A antropóloga cultural Ruth Benedict afirmou que “Os japoneses foram o inimigo mais estranho que os Estados Unidos já lutaram em uma luta total. Em nenhuma outra guerra com um grande inimigo foi necessário levar em conta hábitos tão diferentes de agir e pensar” em Crisântemo e Espada publicado durante a Guerra Mundial?. A partir desta frase, podemos entender como os japoneses e os americanos eram considerados “diferentes” naquela época. Naquele clima, havia pessoas que trocaram o Japão pelos Estados Unidos e decidiram viver lá. Com o passar do tempo, eles e seus descendentes tornaram-se nipo-americanos. Goste ou não, eles não conseguiram escapar completamente dos elementos japoneses por causa de sua herança racial e cultural. Este artigo explorará como os nipo-americanos viam sua terra natal. Os sentimentos em relação ao Japão não surgiram apenas da sua ascendência, mas foram tecidos pelos contextos políticos, económicos e sociais que os rodeavam. Além disso, as diferentes posturas sustentadas pelas diferentes gerações permitem-nos distingui-las umas das outras.

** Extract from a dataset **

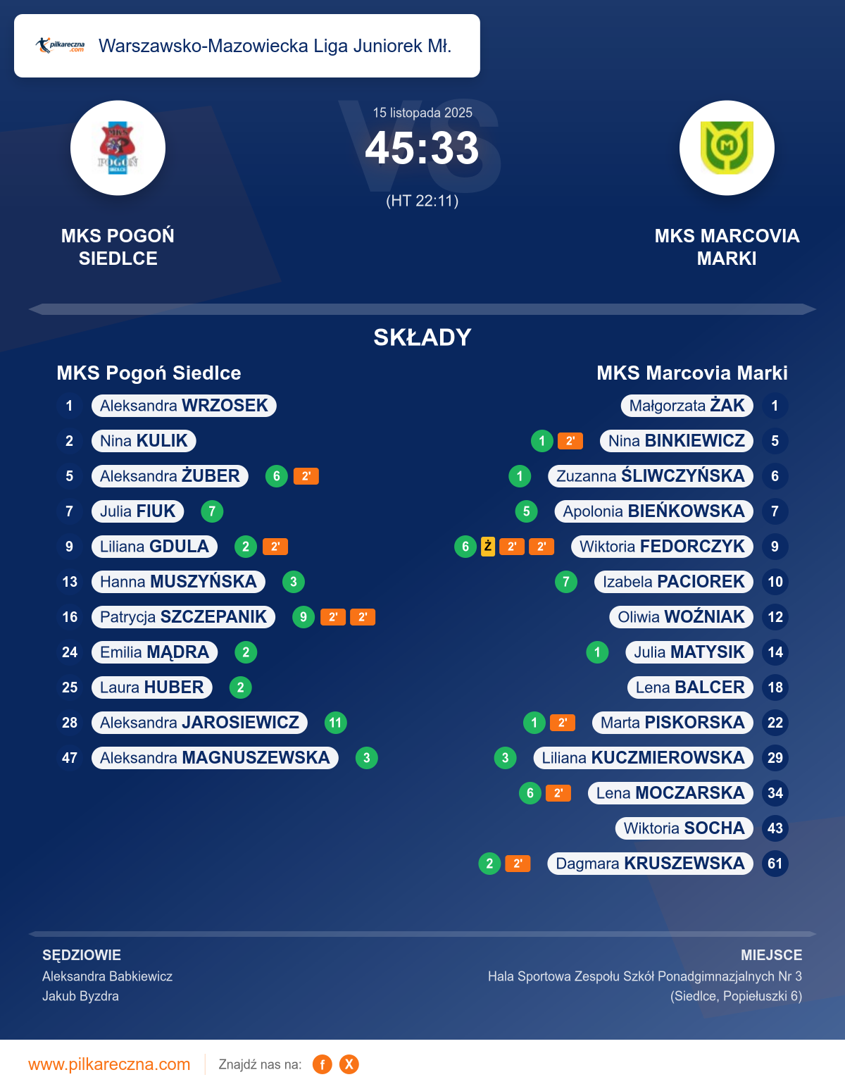 MKS Pogoń Siedlce 45–33 MKS Marcovia Marki

Issei: Puxado entre as diferenças de sua terra natal e país de residência
Para Issei, o Japão era a sua pátria, a terra do Imperador, e onde eles ainda consideravam a sua comunidade imaginada. Eles enviaram socorro às vítimas do grande terremoto de Kanto e às pessoas que sofreram com a pobreza após a Guerra Mundial?. Issei organizou Kenjinkai e Nihonjinkai como estratégia de sobrevivência. Nihonjinmachi nos EUA, como Japantown e Little Tokyo, eram guetos étnicos, mas para Issei eram enclaves do Japão, uma vez que não tinham muitas conexões fora de Nihonjinmachi e podiam viver plenamente suas vidas dentro de seus muros.
A pressão de uma sociedade anfitriã hostil e a falta de domínio do inglês tornaram quase impossível para muitos Issei viver fora da comunidade japonesa. Além disso, a ideologia étnica centrada no Imperador da era Meiji ajudou-os a sentir um sentimento de comunidade japonesa, como uma grande família. Esta ajuda e vigilância compacta e recíproca dentro da comunidade evitou a delinquência e a fragilidade das estruturas familiares, o que é específico das zonas urbanas pobres.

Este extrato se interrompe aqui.